Affiliation:
1. Sun Yat-sen University
2. the Third Affiliated Hospital of Guangzhou Medical University
Abstract
Abstract
Introduction:
Adalimumab is used to treat Crohn's disease, but the high dosage is controversial.
Methods
In this retrospective study we compared patients with Crohn's disease who had not previously received or had received infliximab treatment with high doses (subcutaneously injected with 80mg of adalimumab every other week) and standard doses (subcutaneously injected with 40mg of adalimumab every other week). The primary outcome was 12th -week clinical remission rate with two different dosage regimens, while the secondary outcome included the time to treatment failure and the incidence of adverse events.
Results
144 patients had not used infliximab before and 86 patients had used infliximab before. In the infliximab-naïve group, there were no significant differences in the 12th-week clinical remission rate (78.0% vs 73.8%, OR 1.36, 95%CI 0.56–3.54, P = 0.509), and treatment failure for two regimens were similar (HR 0.49,95%CI [0.19,1.22], P = 0.123).
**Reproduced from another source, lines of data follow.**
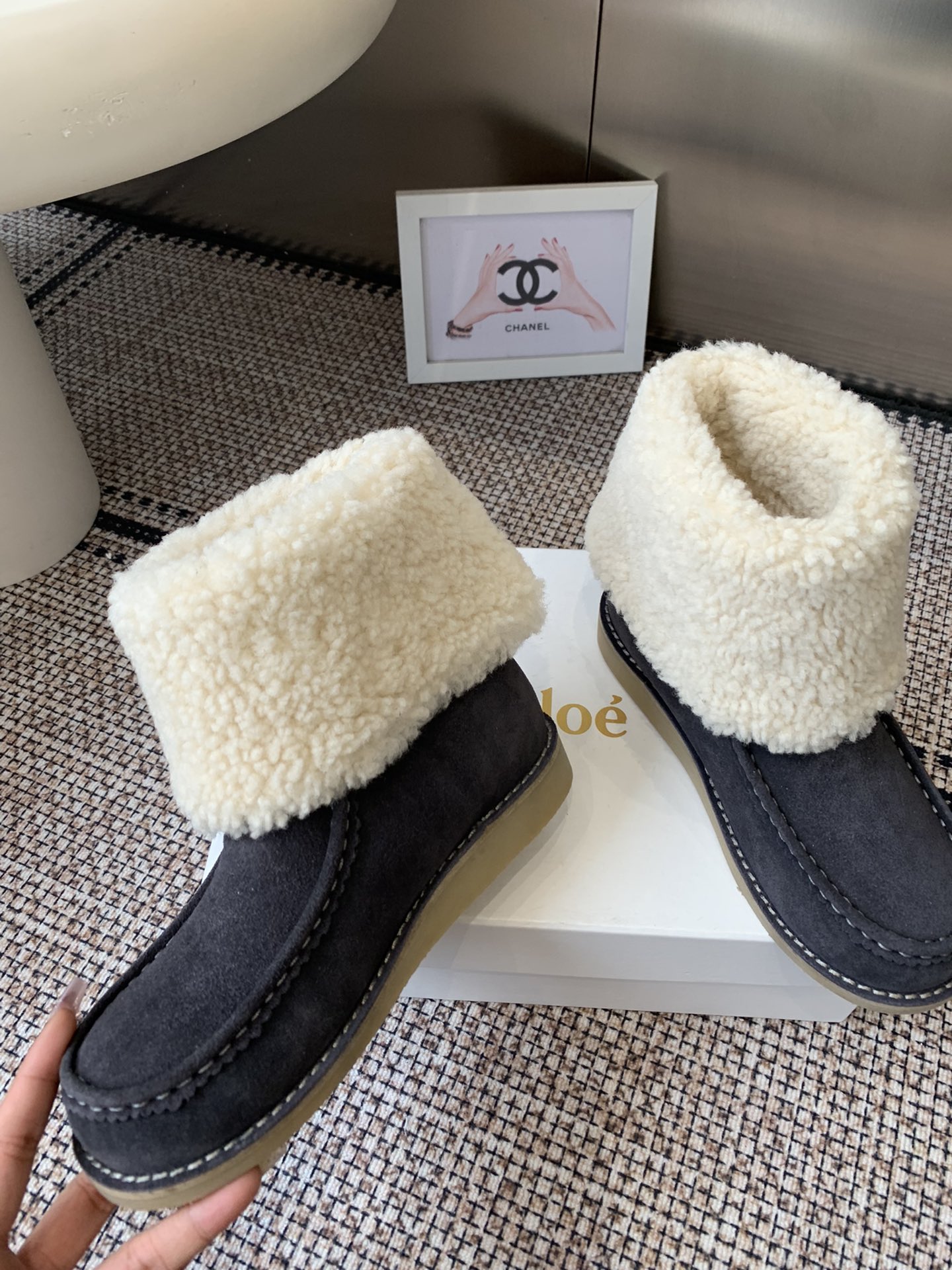 This shoes is AAAAA 1:1 quality (superb). Materials used are identical to the original ones. Chloe trademark marks are indistinguishable to the authentic. Photos take by actual shoes, what you receive will be 100% same with our photos.
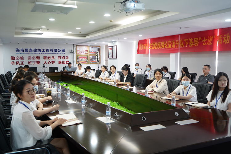 為深入學(xué)習(xí)黨的二十大精神,開展好學(xué)習(xí)貫徹習(xí)近平新時(shí)代中國(guó)特色社會(huì)主義思想主題教育,引導(dǎo)廣大黨員群眾深刻領(lǐng)悟“兩個(gè)確立”、增強(qiáng)“四個(gè)意識(shí)”、堅(jiān)定“四個(gè)自信”、做到“兩個(gè)維護(hù)”,推動(dòng)黨的二十大精神在基層走深走實(shí),2023年5月25日,海南省住房和城鄉(xiāng)建設(shè)廳人事處二級(jí)調(diào)研員、行業(yè)黨委專職副書記李述朝,黨建指導(dǎo)員陳小娜走進(jìn)海南萬(wàn)泰公司開展學(xué)習(xí)貫徹習(xí)近平新時(shí)代中國(guó)特色社會(huì)主義思想主題教育理論宣講“七進(jìn)”活動(dòng)。萬(wàn)泰公司黨員及員工近50人參加了本次宣講活動(dòng)。
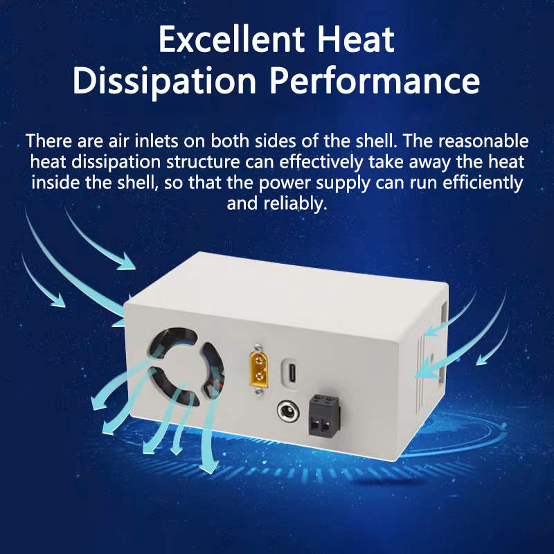 - Excellent heat dissipation performance: With an intelligent temperature control fan. There are air inlets on both sides of the shell. The reasonable air outlet heat dissipation structure can effectively take away the heat inside the shell, so that the power supply can run efficiently and reliably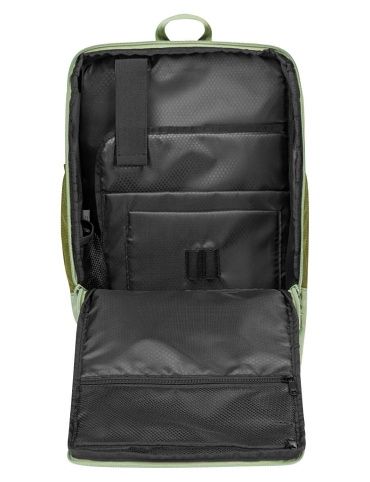 Ideální na cesty jako příruční zavazadlo do letadla. Další výhodou je zádový pruh, který slouží k fixaci batohu na madlech kufru.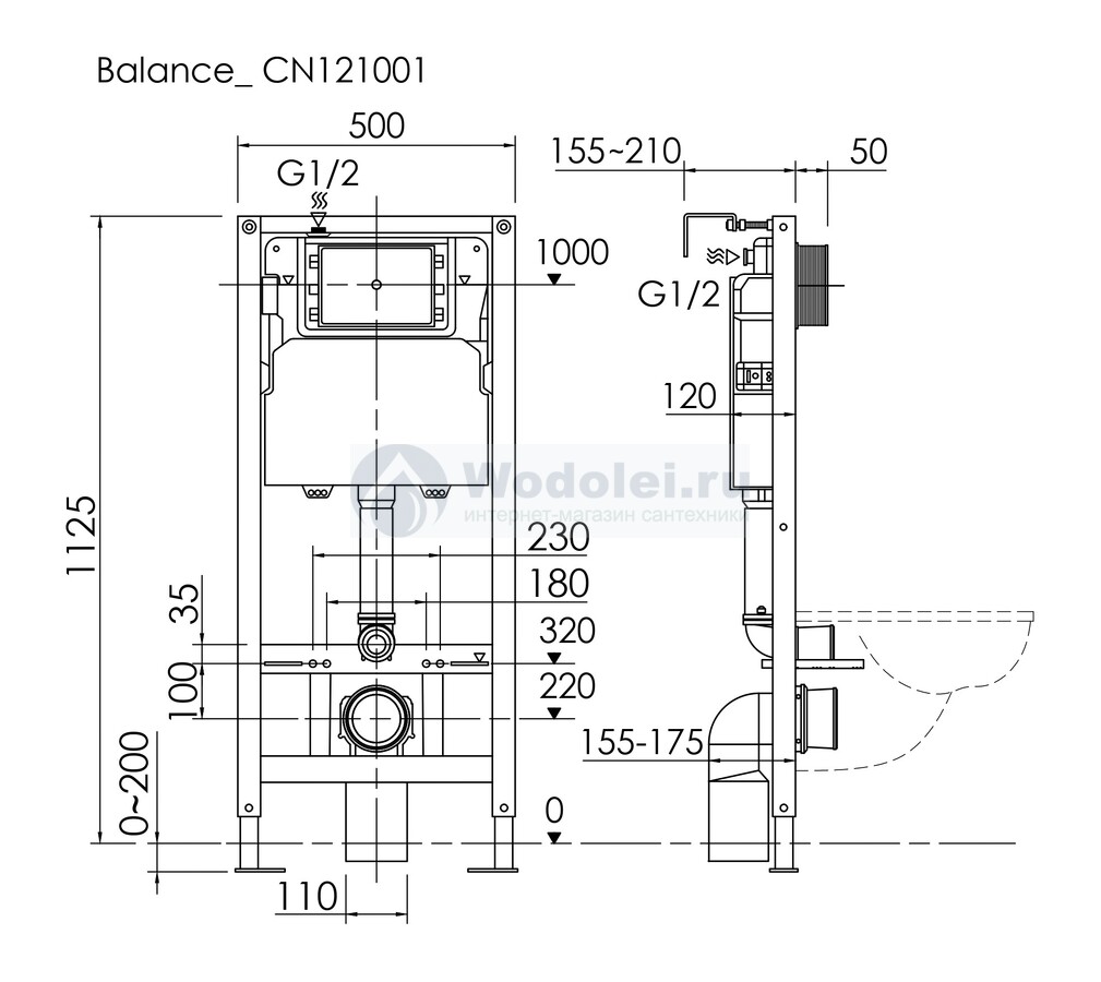 Купить сантехническую инсталляцию для подвесного унитаза Ceramica Nova Balance CN121002MB с черной матовой кнопкой Италия ШхВ 50x112.5 см в Москве в магазине Водолей удобно с доставкой и установкой. У нас установлена самая привлекательная цена: инсталляция для унитаза Ceramica Nova Balance CN121002MB с черной матовой кнопкой для подвесного унитаза за 18990 руб. Если нашли дешевле – просите скидку!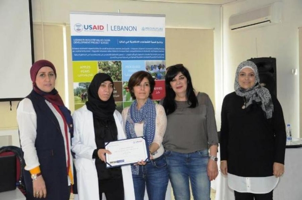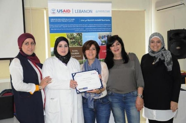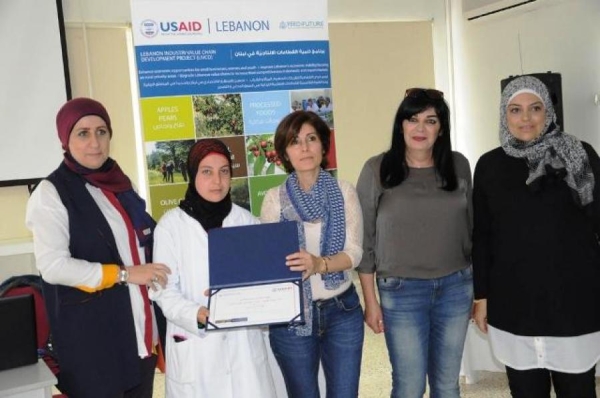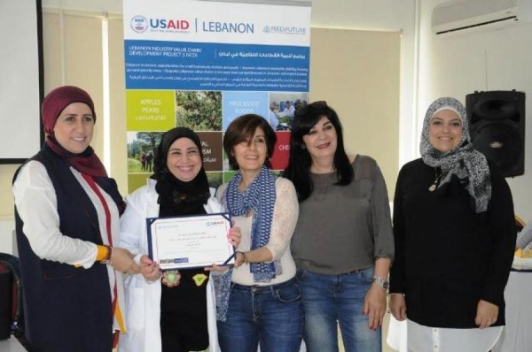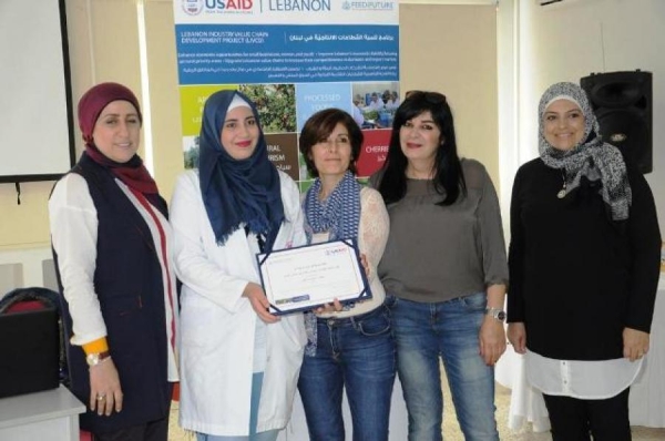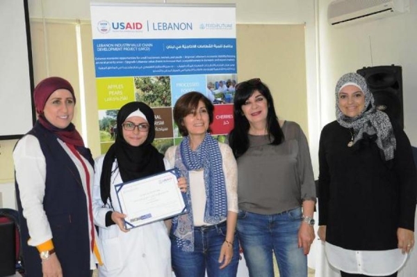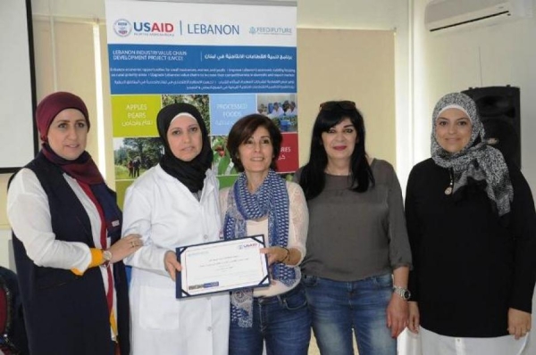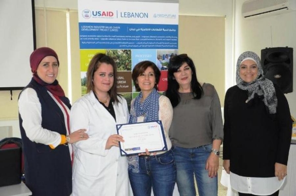 وفي ختام العرض قدمت الآنسه جورجيت لحود ممثله USAID شهادات على المتدربات،
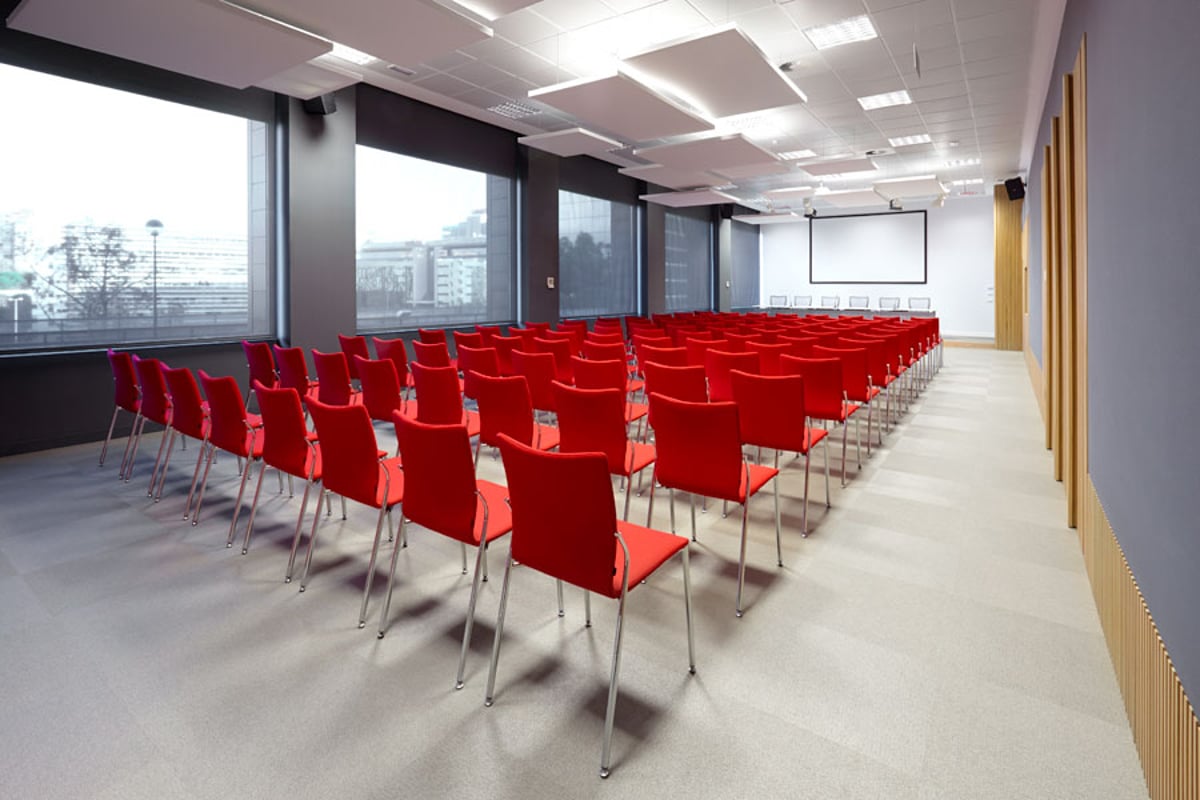 The Urban Plus 30 chair has been used in black, with its back made of technical fabric and aluminised tapered legs in the spaces designed for meetings and for the visitor. Its discreet style and elegant presence complements the comfort which is provided by its interior steel structure covered in moulded foam.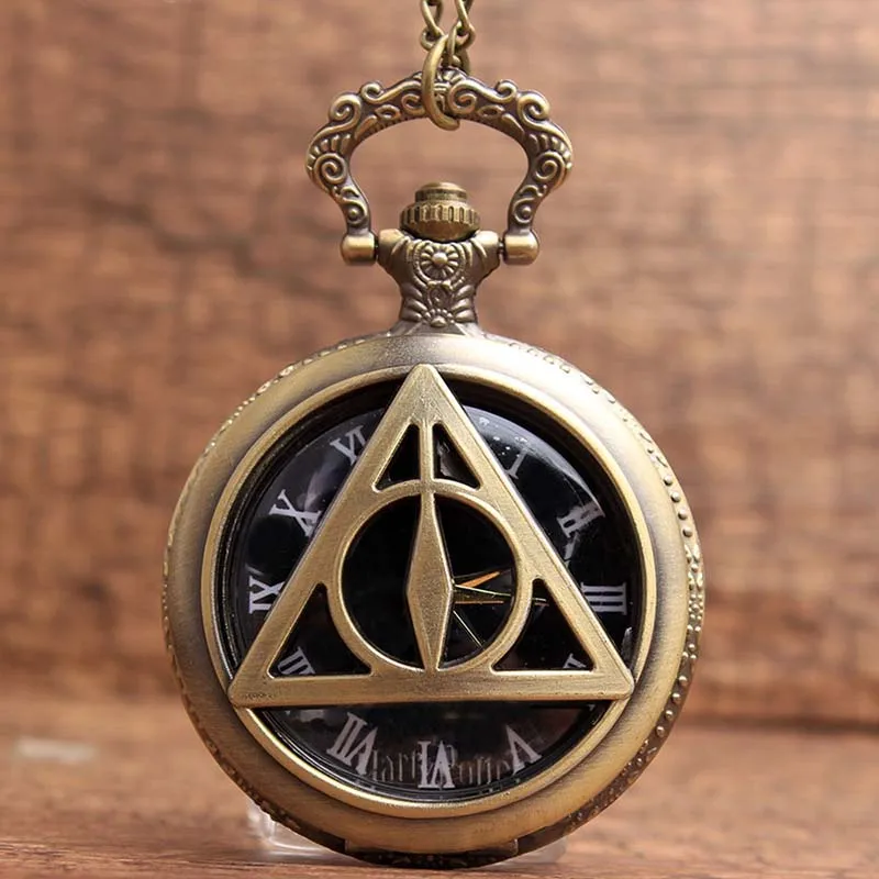 Antique Harry Potter Deathly Hallows Quartz Pocket Watch Bronze Triangle Hollow Pattern Pendant Clock With Chain Children Gift Generation Man

However, in the infliximab-exposed group, the high dose of adalimumab provided a significantly higher clinical remission rate (72.7% vs. 47.6%, OR 3.31, 95%CI 1.28–8.57, P = 0.035,) and lower risk of treatment failure (HR 0.33, 95%CI [0.13, 0.85], P = 0.019), The incidence of adverse events was comparable between two regimens (34.1% vs. 29.7%, P = 0.556).
Conclusions
The high dosage of adalimumab doesn’t provide additional clinical benefits to infliximab-naïve CD patients with the standard dosage. However, it can increase the clinical remission rate and reduce the risk of treatment failure in infliximab-exposed CD patients, without increasing the incidence of adverse events.